The use of a stereoscopic image display on a monitor is, of course, advantageous since a feeling for the depth of the object being displayed is obtained which enhances the knowledge obtained by the viewer from the image displayed. Such displays, however, have typically been difficult to obtain.
Current digital stereoscopic display systems are based on individual selection devices which direct a different view of the same three dimensional object to the left eye than to the right eye. Using this technique, several commercial systems have been based on a time-multiplex technique in which left and right video images are presented sequentially. Observers view the alternate left and right images through electro-optical or mechanical shuttering devices synchronized to the alternation of left and right video images. These systems have been based upon standard commercial CRT monitors which refresh the screen at 60 Hz, non-interlaced.

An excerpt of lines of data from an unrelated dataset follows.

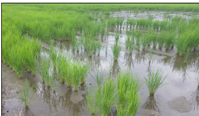
図2. スクミリングオガイによる被害圃場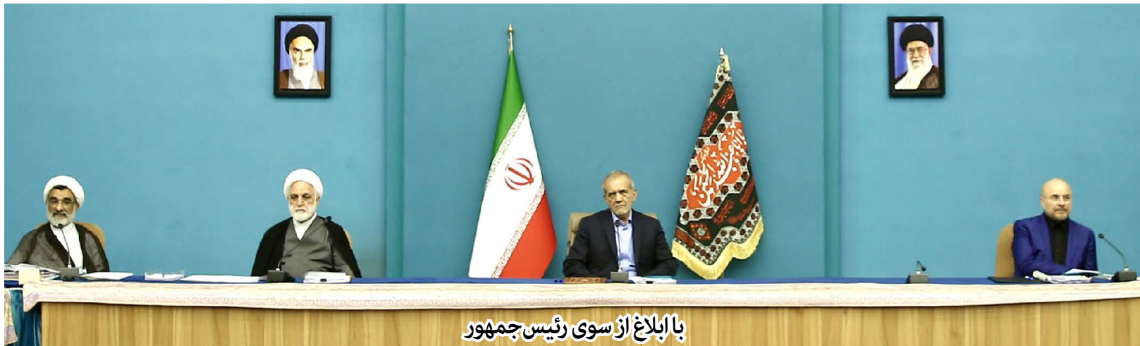
با ابلاغ از سوی رئیس جمهور

تمدید مجدد زمان ثبت نام در آزمون دکتری سال ۱۴۰۴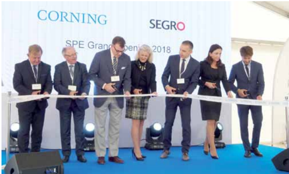
Przecięciu wstęgi dokonali dyrektorzy Corning z Polski i USA, przedstawiciele władz Łodzi i Strykowa i rektor PL.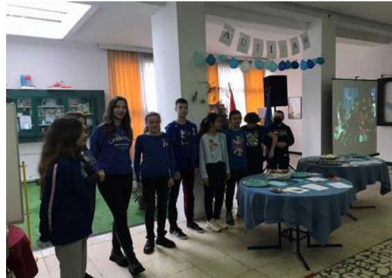
Бачки парламент ишчекује другаре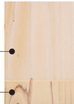
塗装面が白化する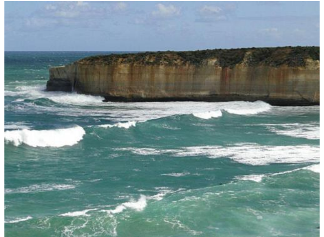
... die Küste bei Sturm und hoher Wellen...

A screen refreshed at the standard 60 Hz conventional time multiplexed rate, however, results in a perceived noticeable flicker to the eye of an observer because the number of screen refreshes per second is reduced from 60 to 30 per eye since two images are being viewed. An image that is perceived to be flicker-free is required to be refreshed at a rate of approximately 50 per second.
One attempt to overcome the flicker problem with stereoscopic imaging was to reduce the number of lines making up each of the left and right hand images by a factor of two. The two reduced resolution images were stored sequentially in a frame memory. A controller inserted an extra vertical sync pulse midway between each pair of vertical sync pulses in the sync output of the display controller. The modified sync signal was used to drive the monitor which had its vertical deflect circuitry modified to cover the active area of the screen in 1/120 sec. rather than 1/60 sec. The net effect was to alternate between half resolution right and left images at 120 Hz. Each time the display controller's frame memory was scanned, the screen was refreshed twice, once with the left image and once with the right. Flicker free imaging was, therefore, obtained with commercially available and conventional hardware. The division of a standard NTSC refresh field into two equal subfields results in the display of the left image on the even lines of the monitors viewing surface. The right image is displayed on the odd monitor lines. Since only half the resolution of the monitor is available for the display of each image, this result is less than satisfactory. Reference is made, in this regard, to the article entitled "A Flicker-Free Field-Sequential Stereoscopic Video System" by Lipton and Meyer, SMPTE Journal, Nov. 1984.